#### Your assignment
Starting with the line that contains "海天消防科技股份有限公司(以", copy every line through the end of the listing, exactly and only those. No pictures should appear in the copy.

#### Stored data
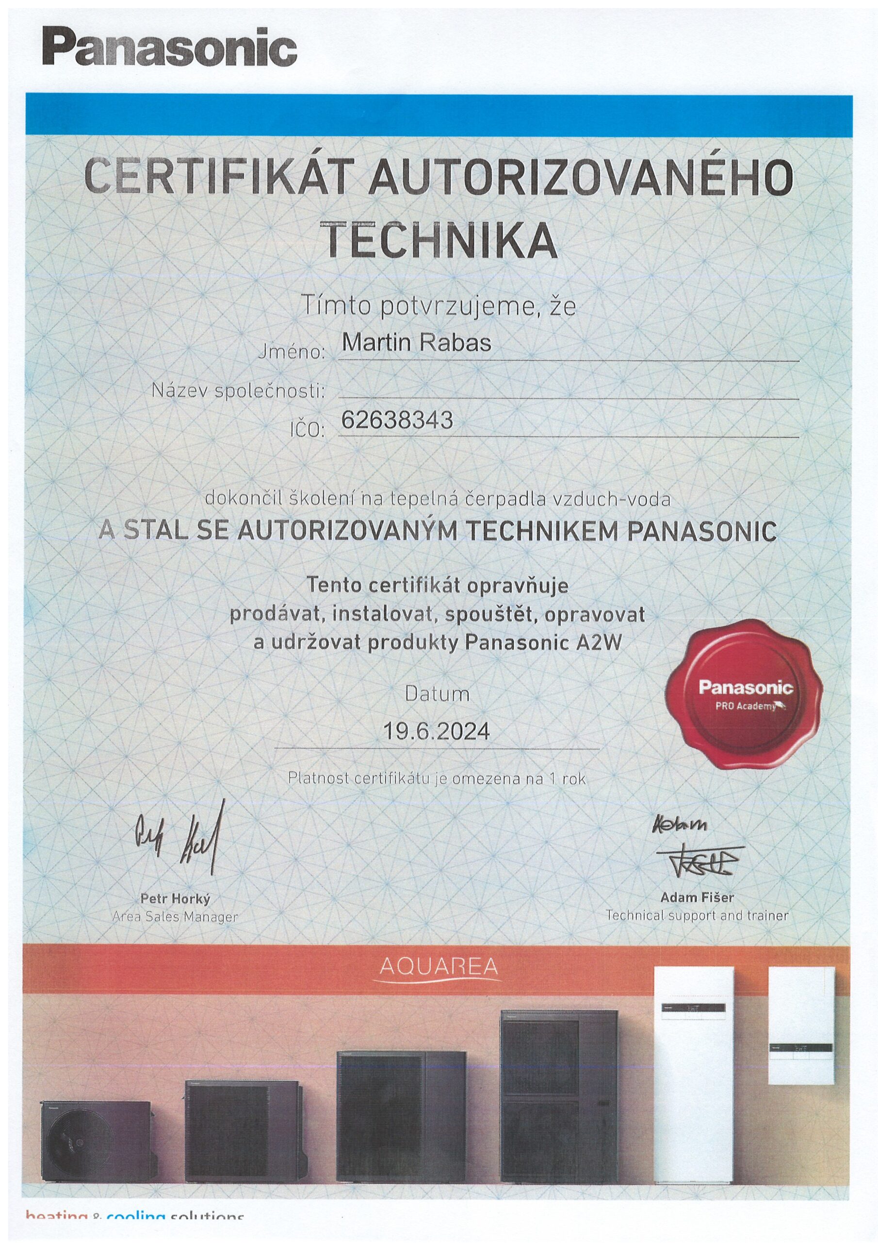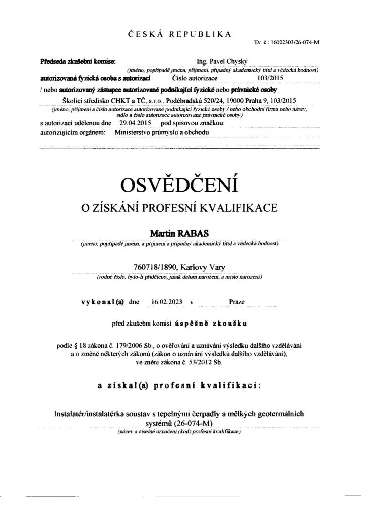 Dále jsme vlastníky osvědčení o profesní kvalifikaci v souladu se zákonem 406/2000 Sb., která jsou nutná instalaci tepelných čerpadel s využitím dotačních titulů, zejména pak NZÚ, NZÚ Light a Oprav dům po babičce
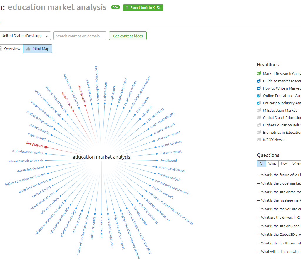 En el ejemplo anterior, puedo ver que ya estoy clasificando frases clave como «análisis de la educación», «datos del mercado de contenido educativo» y «análisis del mercado de la educación». Por lo tanto, voy a seleccionar la frase clave más relevante para mi negocio o mis objetivos de negocio actuales – en mi caso, «análisis de mercado de la educación» – y buscar ideas de contenido relacionadas con la herramienta de Investigación de Temas de SEMrush.
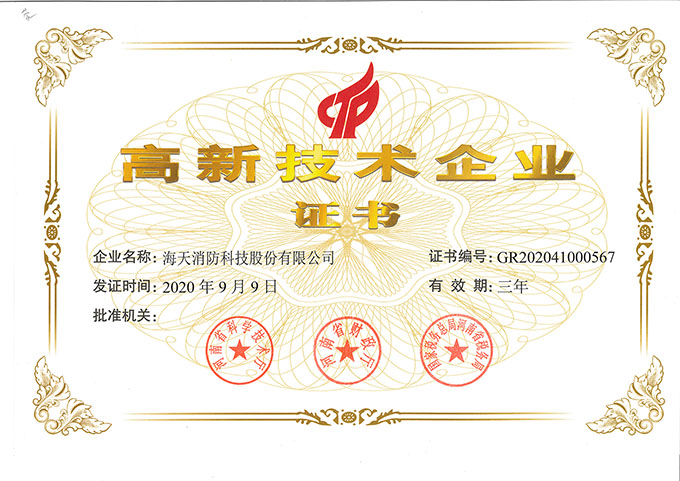 海天消防科技股份有限公司(以下简称“公司”)于2021年2月1日收到河南省科学技术厅、河南省财政厅、国家税务总局河南省税务局联合颁发的《高新技术企业证书》,公司被认定为高新技术企业,证书编号:GR202041000567,发证时间:2020年9月9日,有效期三年。
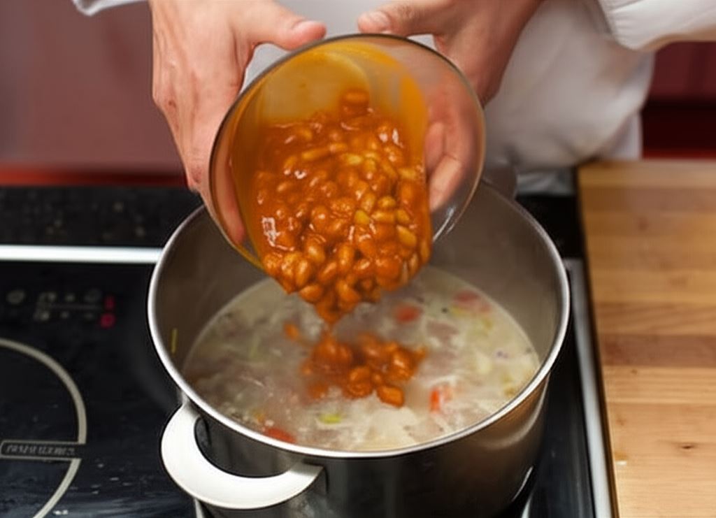 Zalej wszystko 1 l wody i gotuj do momentu, aż mięso stanie się całkowicie miękkie. Pod koniec gotowania wsyp fasolę z sosem pomidorowym.
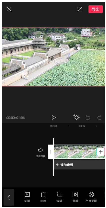 按钮,确认裁剪,即可查看裁剪后的视频,效果如图3-23所示。点击右上角的“导出”按钮,即可导出视频。
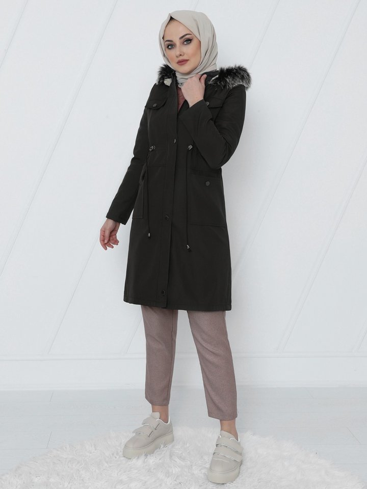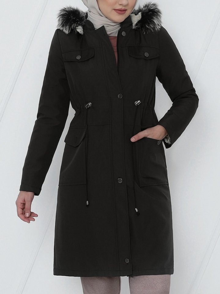 Çıkma Kapşonlu Bağcıklı Bondit Kısa Kaban -Siyah
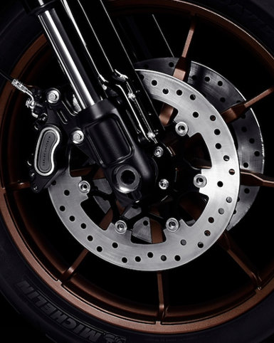 Die Doppelscheibenbremse zeichnet sich durch eine stärkere Bremsleitung bei geringerem Kraftaufwand am Handhebel aus als die einzelne Bremsscheibe der Low Rider.

#### Task output
 海天消防科技股份有限公司(以下简称“公司”)于2021年2月1日收到河南省科学技术厅、河南省财政厅、国家税务总局河南省税务局联合颁发的《高新技术企业证书》,公司被认定为高新技术企业,证书编号:GR202041000567,发证时间:2020年9月9日,有效期三年。
 Zalej wszystko 1 l wody i gotuj do momentu, aż mięso stanie się całkowicie miękkie. Pod koniec gotowania wsyp fasolę z sosem pomidorowym.
 按钮,确认裁剪,即可查看裁剪后的视频,效果如图3-23所示。点击右上角的“导出”按钮,即可导出视频。
 Çıkma Kapşonlu Bağcıklı Bondit Kısa Kaban -Siyah
 Die Doppelscheibenbremse zeichnet sich durch eine stärkere Bremsleitung bei geringerem Kraftaufwand am Handhebel aus als die einzelne Bremsscheibe der Low Rider.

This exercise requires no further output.